• ACTIVITY:
Every line in the data below has to be repeated exactly; no picture belongs in the result.

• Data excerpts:

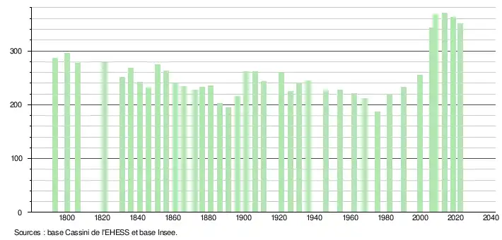 L'évolution du nombre d'habitants est connue à travers les recensements de la population effectués dans la commune depuis 1793. Pour les communes de moins de 10 000 habitants, une enquête de recensement portant sur toute la population est réalisée tous les cinq ans, les populations de référence des années intermédiaires étant quant à elles estimées par interpolation ou extrapolation[28]. Pour la commune, le premier recensement exhaustif entrant dans le cadre du nouveau dispositif a été réalisé en 2008[29].
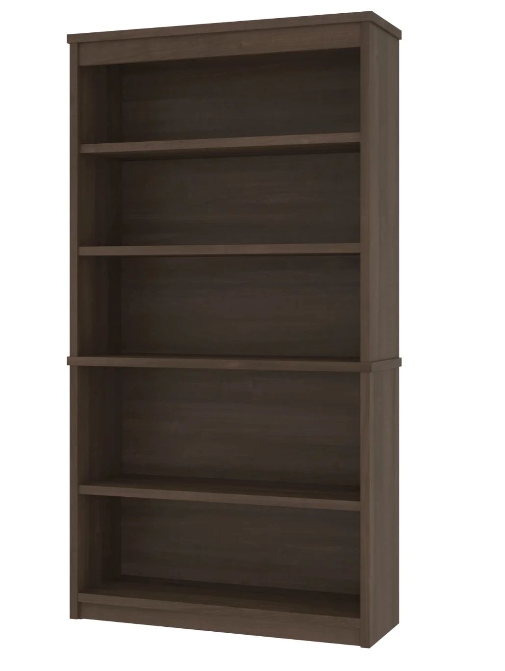 The dimensions of the desk are 71″ W X 83″ D X 66″ H. The dimensions of the filing cabinet are 30.8″ W x 19.6″ D x 30.4″ H. The bookcase sits at 36″ W X 12″ D X 66″ H.
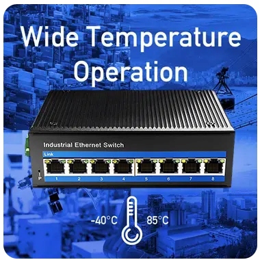 Ethernet IG1008P промислові вимикачі були розроблені з широкою температурною підтримкою, щоб забезпечити надійність роботи при екстремальних температурах від -40 ° C до 85 ° C. Виготовлений з високоякісного металевого корпусу, довговічного та довговічного, з довгим життям, забезпечує кращу відволікання тепла, придатне для більшості середовищ.
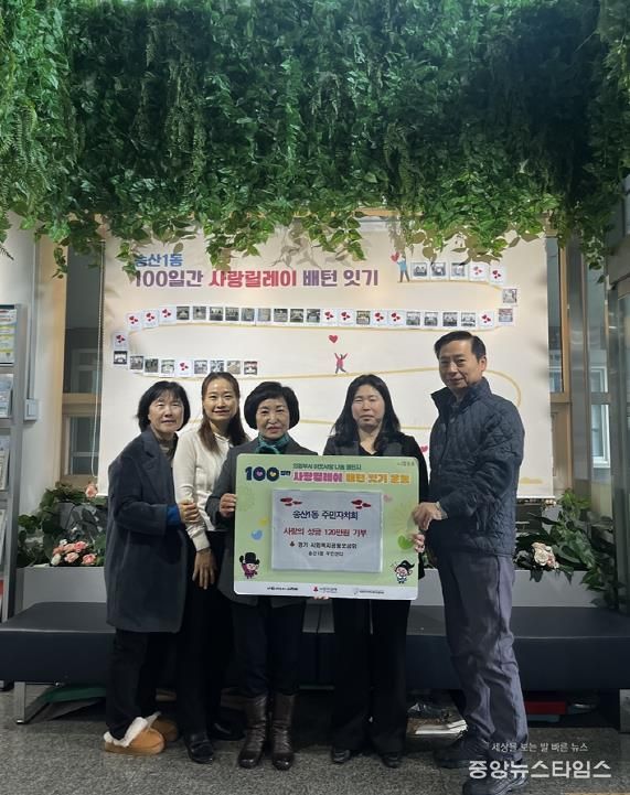 (중앙뉴스타임스 = 방재영 기자) 의정부시 송산1동주민센터는 지난 11일 송산1동 주민자치회가 성금 120만 원을 기탁하며 ‘100일간 사랑릴레이 배턴 잇기’에 동참했다고 밝혔다.
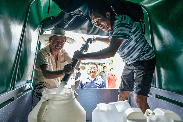 記者在現場看到,蘇建松開車從水源點拉了兩大桶水送到村里,周邊的農戶高興地提著水桶前來接水。他說,自己平時在鎮上經營夜宵店,白天時間比較寬裕,最近看到很多人送水十分辛苦,想來分擔一下,能夠幫助大家自己也感覺很開心。
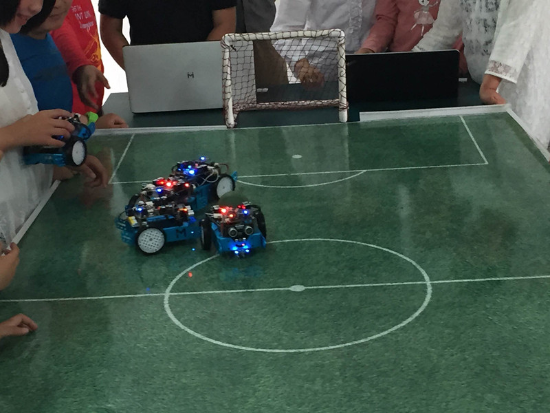 观摩体验课程,首先由来自科普产品国家地方联合工程研究中心合肥总公司的创客指导老师给参加创客课程的同学们讲解足球小车机器人的构造与拼接方法并示范拼接过程,之后孩子们自己动手拼接了属于自己的足球小车,不到一节课的时间,让第一次接触创客产品的孩子们学会了机器人的拼接。接着,指导老师继续教授孩子们让足球小车动起来的主板程序源代码的编写。创客老师深入浅出的讲解让这些编程零基础的孩子们通过独立研究、协作学习和教师指导在短短半小时中,完成了机器人主板程序源代码的编写。最后,同学们用自己拼接、设计的足球小车机器人在模型草坪上,控制完成控球、追球、进球的过程,用自己创设的小车进行了激烈的二对二的足球比赛,现场气氛也随之达到高潮。

• RESULT:
 L'évolution du nombre d'habitants est connue à travers les recensements de la population effectués dans la commune depuis 1793. Pour les communes de moins de 10 000 habitants, une enquête de recensement portant sur toute la population est réalisée tous les cinq ans, les populations de référence des années intermédiaires étant quant à elles estimées par interpolation ou extrapolation[28]. Pour la commune, le premier recensement exhaustif entrant dans le cadre du nouveau dispositif a été réalisé en 2008[29].
 The dimensions of the desk are 71″ W X 83″ D X 66″ H. The dimensions of the filing cabinet are 30.8″ W x 19.6″ D x 30.4″ H. The bookcase sits at 36″ W X 12″ D X 66″ H.
 Ethernet IG1008P промислові вимикачі були розроблені з широкою температурною підтримкою, щоб забезпечити надійність роботи при екстремальних температурах від -40 ° C до 85 ° C. Виготовлений з високоякісного металевого корпусу, довговічного та довговічного, з довгим життям, забезпечує кращу відволікання тепла, придатне для більшості середовищ.
 (중앙뉴스타임스 = 방재영 기자) 의정부시 송산1동주민센터는 지난 11일 송산1동 주민자치회가 성금 120만 원을 기탁하며 ‘100일간 사랑릴레이 배턴 잇기’에 동참했다고 밝혔다.
 記者在現場看到,蘇建松開車從水源點拉了兩大桶水送到村里,周邊的農戶高興地提著水桶前來接水。他說,自己平時在鎮上經營夜宵店,白天時間比較寬裕,最近看到很多人送水十分辛苦,想來分擔一下,能夠幫助大家自己也感覺很開心。
 观摩体验课程,首先由来自科普产品国家地方联合工程研究中心合肥总公司的创客指导老师给参加创客课程的同学们讲解足球小车机器人的构造与拼接方法并示范拼接过程,之后孩子们自己动手拼接了属于自己的足球小车,不到一节课的时间,让第一次接触创客产品的孩子们学会了机器人的拼接。接着,指导老师继续教授孩子们让足球小车动起来的主板程序源代码的编写。创客老师深入浅出的讲解让这些编程零基础的孩子们通过独立研究、协作学习和教师指导在短短半小时中,完成了机器人主板程序源代码的编写。最后,同学们用自己拼接、设计的足球小车机器人在模型草坪上,控制完成控球、追球、进球的过程,用自己创设的小车进行了激烈的二对二的足球比赛,现场气氛也随之达到高潮。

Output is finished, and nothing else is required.